You are 100% correct. As a former teacher in the ASD and Mat-Su I can tell you that the system is made to fail, but it doesn’t have to be. I was raised in the ASD system from the 70s-80s. I can tell you I had great teachers and received a good education in the system back then. I contribute it to the teachers who were knowledgeable and efficient in their areas. Many were former veterans or had real world experience, not fresh from high school and into college. This means they knew how the studies would apply to life after school. Educators today have never stepped out into the real world, and it shows. They just follow the herd and chew the curriculum fodder.
My saying was “I want to be a teacher, not an educator”. Many have asked me what that means. It’s simple, a teacher provides you with tools and information to learn, sometimes by failing and consequences. You gain knowledge, creativity and wisdom this way and you grow. Parents respected teachers. Educators follow a canned plan that fits a mandate, doesn’t allow for growth just following orders to get a test score. This stifles the creativity and individualism that society is now lacking and takes away common-sense thinking. you will never achieve a certain level because people are all individuals and learn at different levels, not just one size fits all. Parents don’t respect educators.
We can change the system, and many teachers wish to do so, but they are shackled by administrators and unions that are not supportive unless it makes them money. Flush out the new stuff and get back to the old basics. Make kids great and get parents back in the school to raise them along with teachers.
More right wing distraction and lies while Rome burns.
Well, get some buckets of water and go save Rome, RINO.
The rest of us are busy saving the soul of America.
If you aren’t going to help, then just stay the heck out of the way.
Thank you Ben Carpenter & Donna – YOU’RE SPOT ON!
Here’s an amendment for HB 69 for the legislators to consider:
Since we’re throwing billions more into education, let’s make sure every Alaskan student gets a chance to learn about our state government. I propose that we require school districts to offer a class on the State Government and Legislature. And of course, each student should get to attend a mandatory week-long training session in Juneau to learn exactly how to access government resources. Naturally, this would be at no cost to the student, with round-trip tickets from anywhere in Alaska and a generous $300 per day per diem—just like the legislators get when they’re in Juneau doing, well, whatever they do.
And we could even hold this training in the State Office buildings, which, shockingly, are mostly empty because so many state workers are working remotely now. If we really want to enrich Alaska (and, you know, actually educate our kids), this could be a great way to do it. The cost would be around $2,500 per student—definitely a small price to pay considering the capital is stuck in Juneau, making it harder for most communities to engage with their government.

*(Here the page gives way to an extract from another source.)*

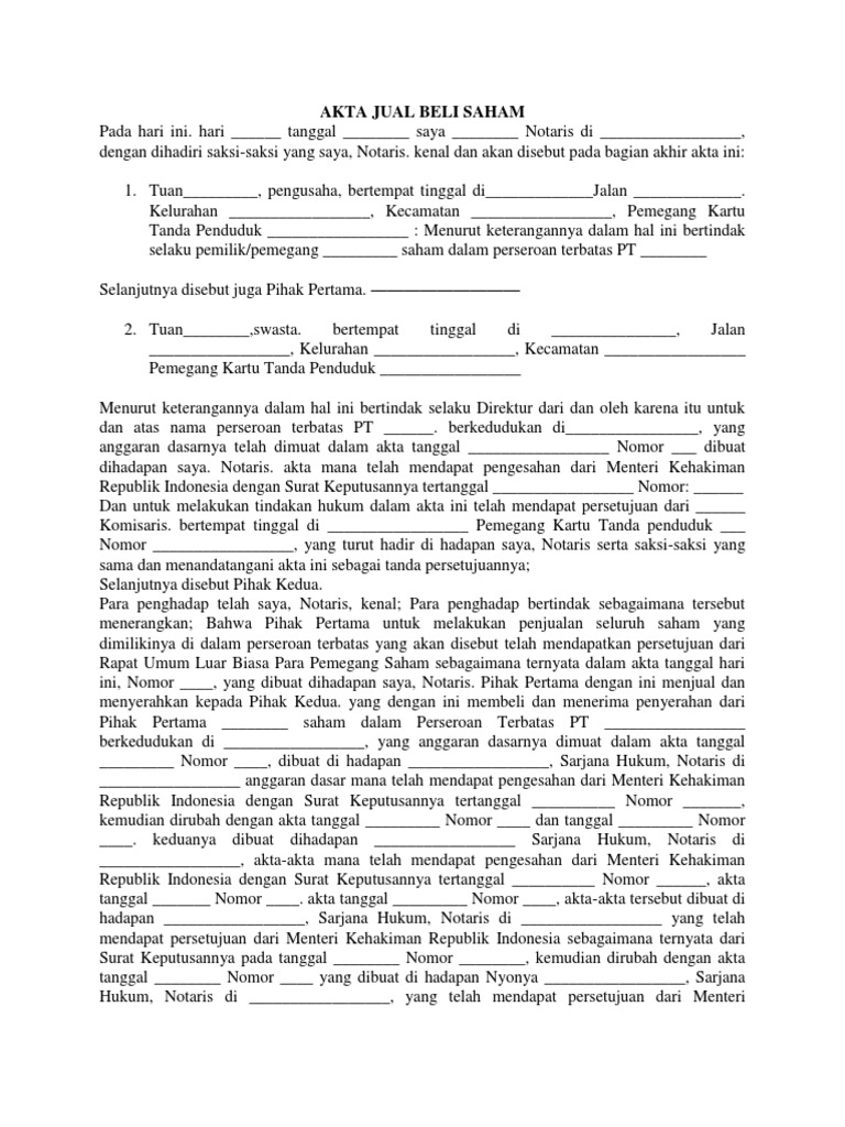 Akta Jual Beli Saham [q6ng01pez14v] - idoc.pub AKTA JUAL BELI SAHAM Pada hari ini. hari _____ tanggal _____ saya _____ Notaris di _____, dengan dihadiri saksi-saksi yang saya, Notaris. kenal dan akan disebut pada ...

And while we’re all busy talking about “No child left behind” and patting ourselves on the back with jargon, let’s not forget that the real action is happening in Juneau, where lawmakers are being wined and dined by the NEA to push their agenda. The kids? Well, they’re just pawns in the game, and that Defined Benefits bill everyone’s whispering about? Yeah, that’s what’s really going on here. Let’s not kid ourselves.